Dans un premier temps, il semble pertinent de définir réellement ce qu'est une catastrophe naturelle. En effet, cette définition est parfois floue. Pourtant, elle s'avère être très explicite finalement. Une catastrophe naturelle représente tout simplement les incidents causés par la nature. Mais là encore, cette dénomination comporte beaucoup d'exemples.


. Les tempêtes

. Les inondations

. Les glissements de terrain

. Les avalanches

Et bien d'autres catastrophes...


peuvent donc être considérées comme des catastrophes naturelles. Pourtant, il existe quelques "sous-catégories" aux catastrophes naturelles. Parfois, certaines instances peuvent parler "d'intempéries". C'est notamment le cas parfois pour les tempêtes, les orages forts ou encore les chutes de neige voire de grêle. Il peut d'ailleurs arriver que les inondations soient classées comme des intempéries, et non des catastrophes naturelles. Même si cela peut sembler relever du détail, il est au contraire possible que cette dénomination change énormément de choses au moment où vous devrez être indemnisé par votre compagnie d'assurance. La plupart du temps, c'est le devoir du maire de votre commune de décréter l'état de "catastrophe naturelle". Si vous subissez de lourds dégâts, c'est donc de ce côté qu'il faudra vous tourner.


Quelques chiffres

Avant de vous expliquer comment être indemnisé après avoir subi une catastrophe naturelle, il semble nécessaire de se pencher sur quelques chiffres qui concernent ces dernières. Ainsi vous y verrez plus clair et, surtout, vous verrez à quel point on sous-estime leur présence dans le quotidien de beaucoup de Français.


. 93.7 millions

Si ce chiffre semble énorme, vous pouvez tout de suite être rassuré. Il n'est relié que de manière lointaine aux catastrophes naturelles. En effet, il s'agit tout simplement du nombre de foyers protégés par la prime "Cat Nat". En 2019, cette prime comptait pour environ 1,71 milliard d'euros d'indemnisations au total.


. 690 millions d'euros

Là encore, ce chiffre est impressionnant. Mais impressionné, vous le serez encore plus quand vous saurez de quoi il s'agit. Ce chiffre représente simplement le coût global des dégâts causés par des inondations en 2019. Ce chiffre peut d'ailleurs augmenter jusqu'à 870 millions d'euros lorsqu'on passe aux dégâts causés par la sécheresse. Vous voyez donc que les catastrophes naturelles peuvent être à l'origine de dégâts extrêmement importants.


. +46 %

Vous aurez sans doute compris de quoi il s'agit même avant d'avoir lu l'explication de ce chiffre. Entre 2000 et 2020, le risque d'arrivée d'une catastrophe naturelle a augmenté de presque 50 %. Cela peut naturellement s'expliquer par la dégradation grandissante du réchauffement climatique. Petit à petit, le climat se dérègle et nous le fait durement savoir ! Dans l'Hexagone, sur l'année 2020, ce n'est pas moins de 1.600 évènements de ce genre qui ont eu lieu sur le territoire. Un record.


. 2003

C'est certainement cette année-là que la France a connu sa plus terrible catastrophe naturelle. En effet, en 2003, une vague de chaleur frappe l'entièreté de l'Hexagone. Au total, près de 15.000 personnes (pour la plupart des personnes âgées) trouveront la mort cet été là. Heureusement, les nouvelles technologies viennent nous prêter main forte pour que ce genre de choses n'arrive plus jamais.

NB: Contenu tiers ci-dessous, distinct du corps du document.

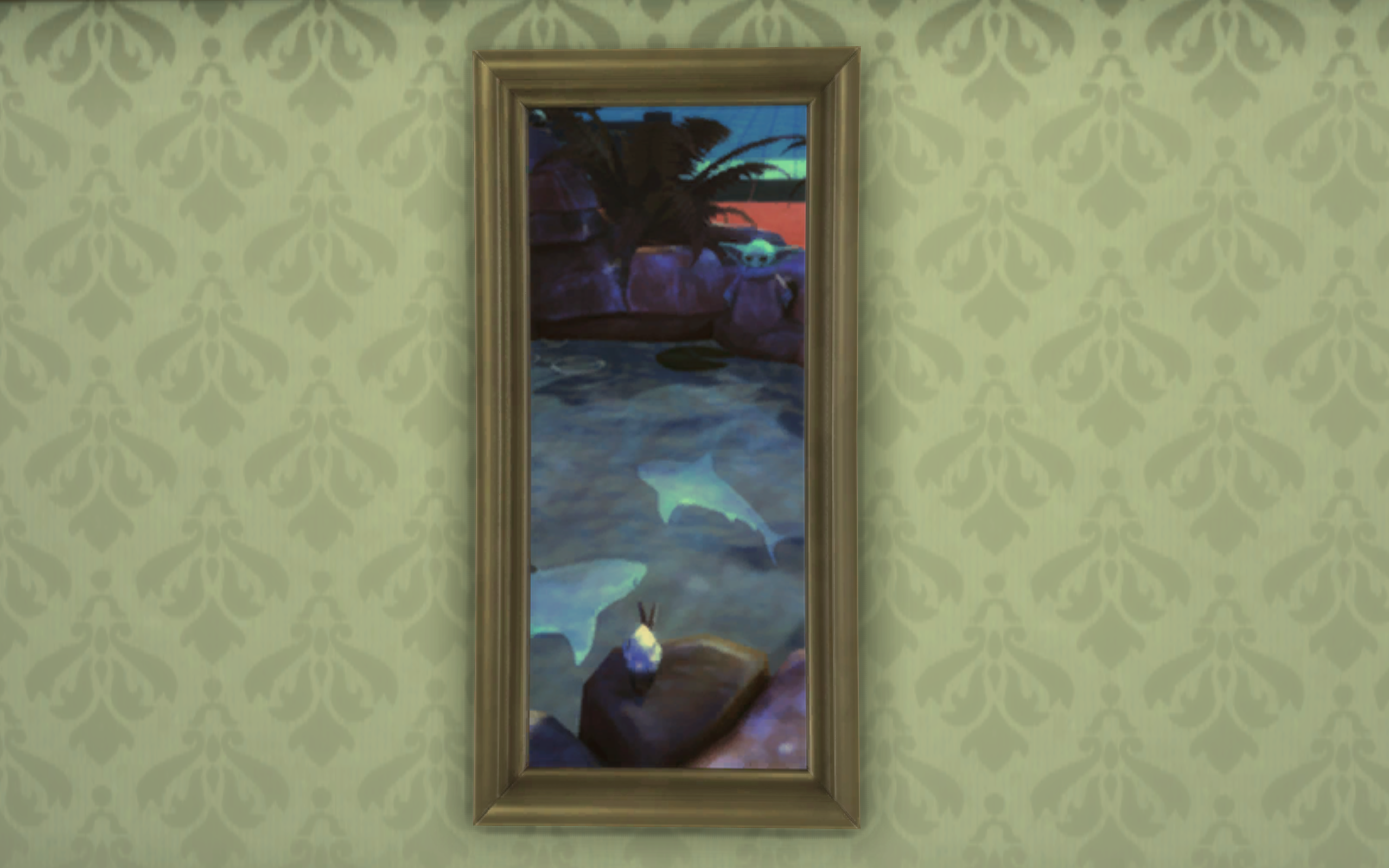 You can find this masterpiece in the paintings & posters section of the build and buy mode catalogue or by searching the name "Baby Yoda adventures"

Comment prévenir les catastrophes naturelles ?

Vous en avez pris l'habitude désormais, homeus vous donne des conseils pour protéger au mieux votre domicile. Même si bien sûr, il est impossible de contrôler les forces naturelles, il est possible de limiter au maximum les dégâts causés par les catastrophes naturelles sur votre domicile. Bien évidemment, cela dépend du type d'intempérie auquel vous êtes confronté. Toutefois, en suivant ces quelques conseils, vous pourrez sauver un maximum de chose à votre logement.


#1 Réagir à un cas de tempête

Lorsqu'une tempête violente survient, il est nécessaire dans un premier temps de se mettre à l'abri. S'il vous l'est demandé, vous pourrez quitter les lieux pour vous mettre en sûreté. Ne vous attardez pas chez vous, prenez seulement le nécessaire et partez. Si vous devez rester chez vous, il faudra bien sûr fermer l'ensemble de vos fenêtres, portes et volets. Ne prenez surtout pas la voiture pour vous rendre où que ce soit. Vous ne connaissez pas la puissance de cette tempête et donc il se pourrait que vous rencontriez de gros problèmes sur la route.


Concernant votre mobilier, rentrez vos objets extérieurs (salon de jardin, outils...). Cela évitera qu'il ne s'envolent ou ne s'abîment. Si vous le pouvez, rentrez également dans un garage vos véhicules pour que eux aussi ne soient pas dégradés par les fortes rafales de vent. Enfin, si vous n'êtes pas chez vous, n'allez pas vous réfugier dans une forêt ou près d'un littoral. Si vous êtes en ville, faites attention aux chutes d'objets venant, par exemple, d'étages au-dessus de vous.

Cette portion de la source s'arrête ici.